▶ _WHAT IS EXPECTED_
After locating the line with "KCET 2023 Mathematics Question Paper Set" in the entries below, output it and each following line up to and including the line with "3D content as", exactly and without pictures.

▶ _WORKING DATA_
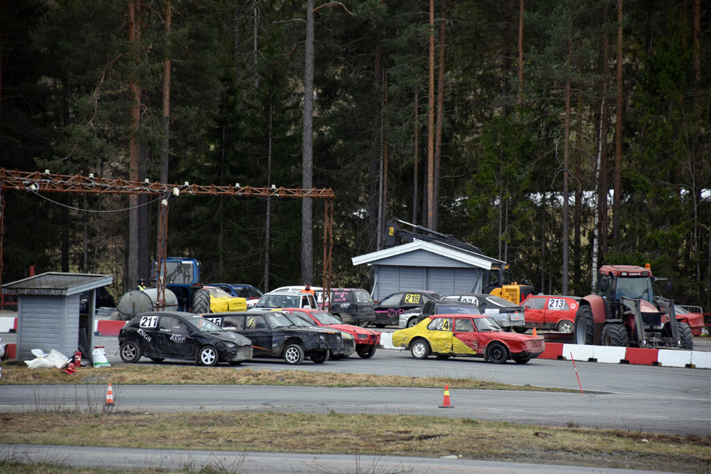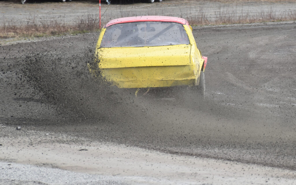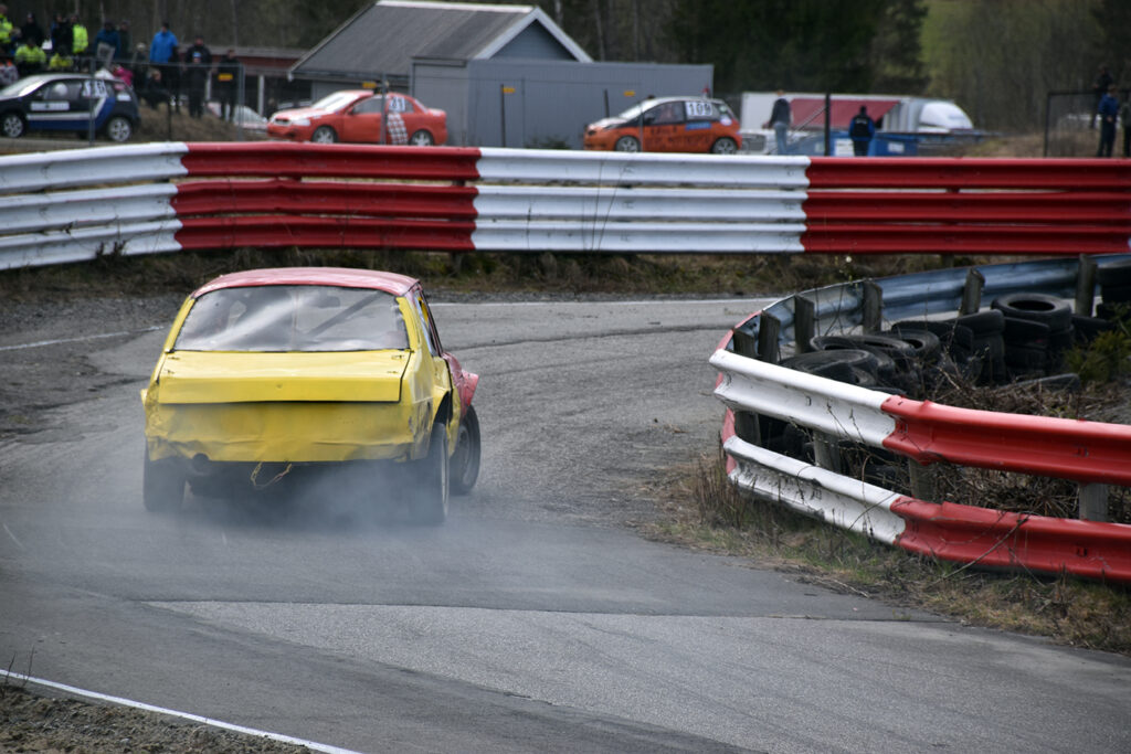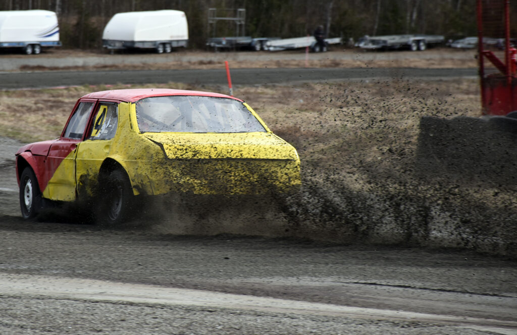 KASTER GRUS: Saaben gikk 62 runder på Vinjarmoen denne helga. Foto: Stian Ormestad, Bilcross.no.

...

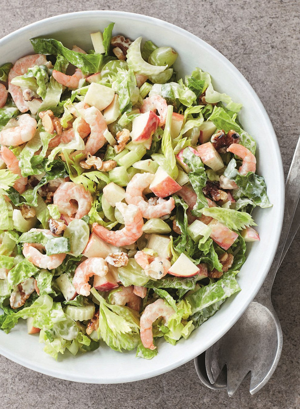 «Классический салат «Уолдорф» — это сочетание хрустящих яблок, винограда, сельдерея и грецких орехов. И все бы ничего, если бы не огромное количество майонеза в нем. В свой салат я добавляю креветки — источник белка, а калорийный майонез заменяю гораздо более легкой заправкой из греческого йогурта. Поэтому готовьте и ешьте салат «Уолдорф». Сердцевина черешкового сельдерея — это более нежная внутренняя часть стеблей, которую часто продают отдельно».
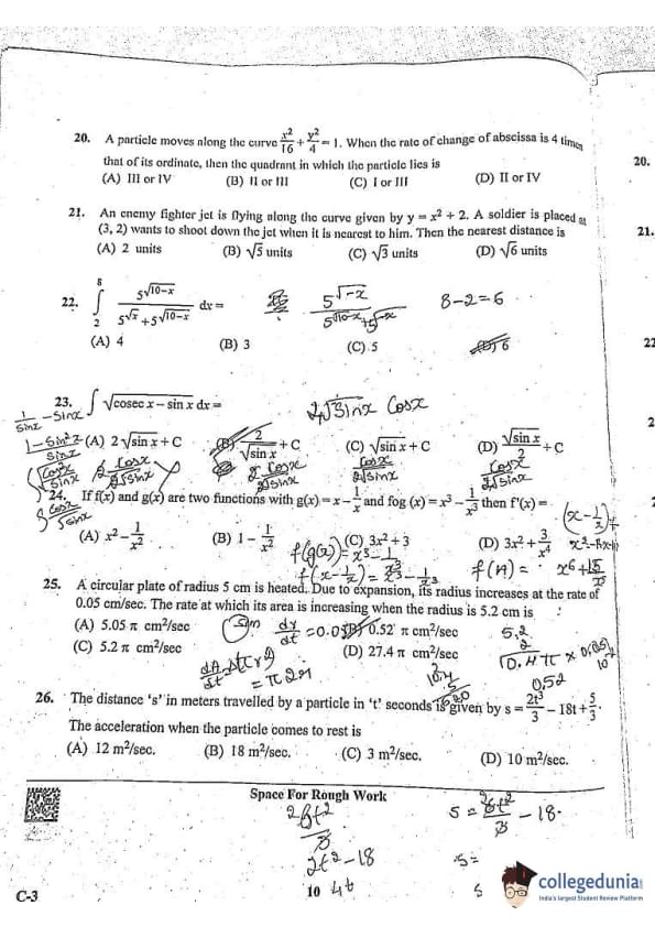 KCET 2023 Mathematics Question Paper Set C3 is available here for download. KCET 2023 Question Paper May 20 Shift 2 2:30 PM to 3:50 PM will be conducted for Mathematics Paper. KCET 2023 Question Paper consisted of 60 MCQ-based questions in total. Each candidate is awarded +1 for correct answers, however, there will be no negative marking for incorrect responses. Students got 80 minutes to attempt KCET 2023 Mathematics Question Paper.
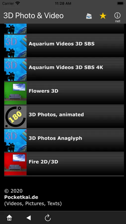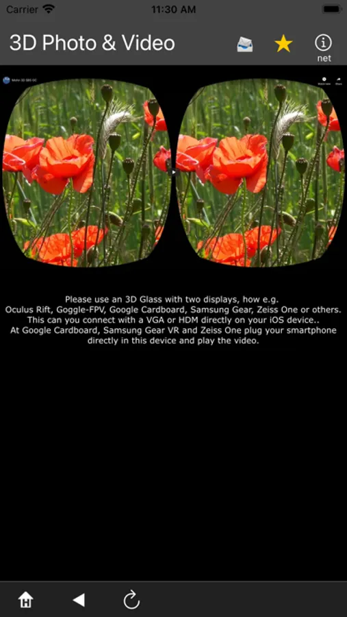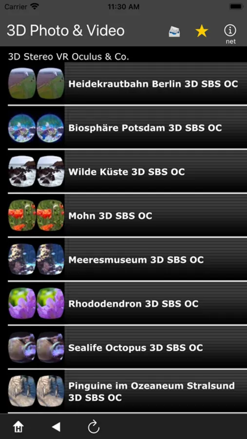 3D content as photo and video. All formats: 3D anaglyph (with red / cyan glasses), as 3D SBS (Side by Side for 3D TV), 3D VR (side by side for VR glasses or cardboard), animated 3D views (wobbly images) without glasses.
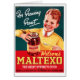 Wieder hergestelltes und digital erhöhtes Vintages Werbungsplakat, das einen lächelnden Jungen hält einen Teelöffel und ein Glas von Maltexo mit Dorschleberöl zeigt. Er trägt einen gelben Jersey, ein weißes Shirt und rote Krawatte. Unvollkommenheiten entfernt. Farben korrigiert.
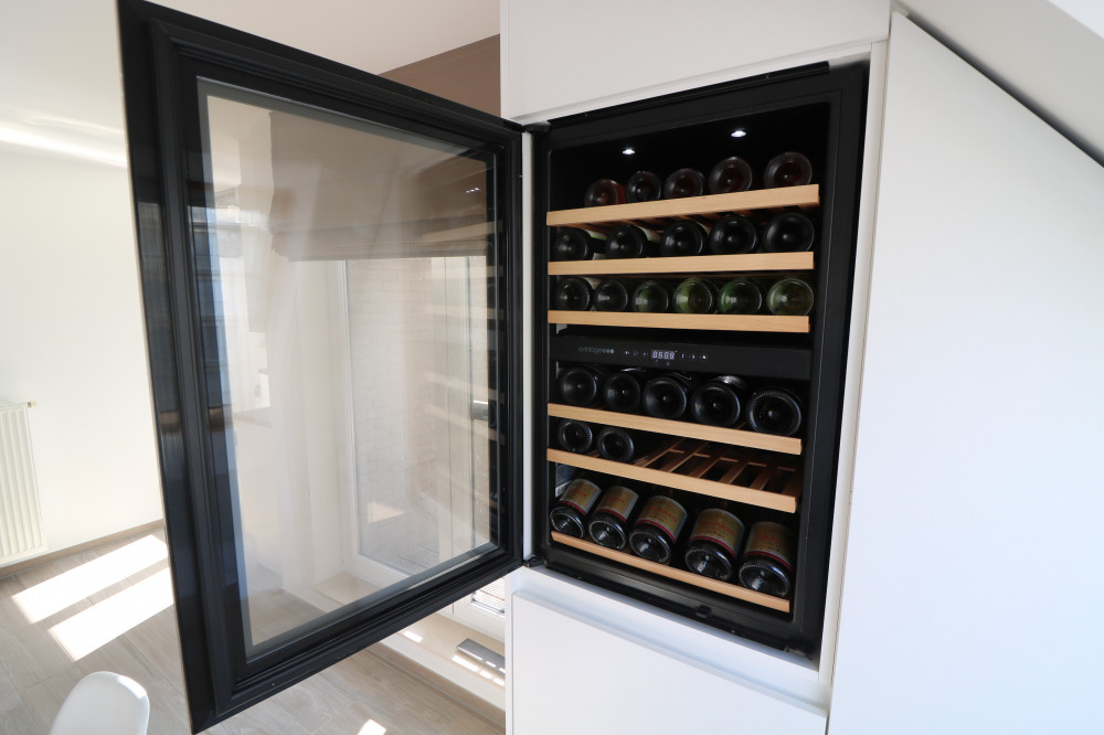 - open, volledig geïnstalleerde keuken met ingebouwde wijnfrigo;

▶ _TASK SOLUTION_
 KCET 2023 Mathematics Question Paper Set C3 is available here for download. KCET 2023 Question Paper May 20 Shift 2 2:30 PM to 3:50 PM will be conducted for Mathematics Paper. KCET 2023 Question Paper consisted of 60 MCQ-based questions in total. Each candidate is awarded +1 for correct answers, however, there will be no negative marking for incorrect responses. Students got 80 minutes to attempt KCET 2023 Mathematics Question Paper.
 3D content as photo and video. All formats: 3D anaglyph (with red / cyan glasses), as 3D SBS (Side by Side for 3D TV), 3D VR (side by side for VR glasses or cardboard), animated 3D views (wobbly images) without glasses.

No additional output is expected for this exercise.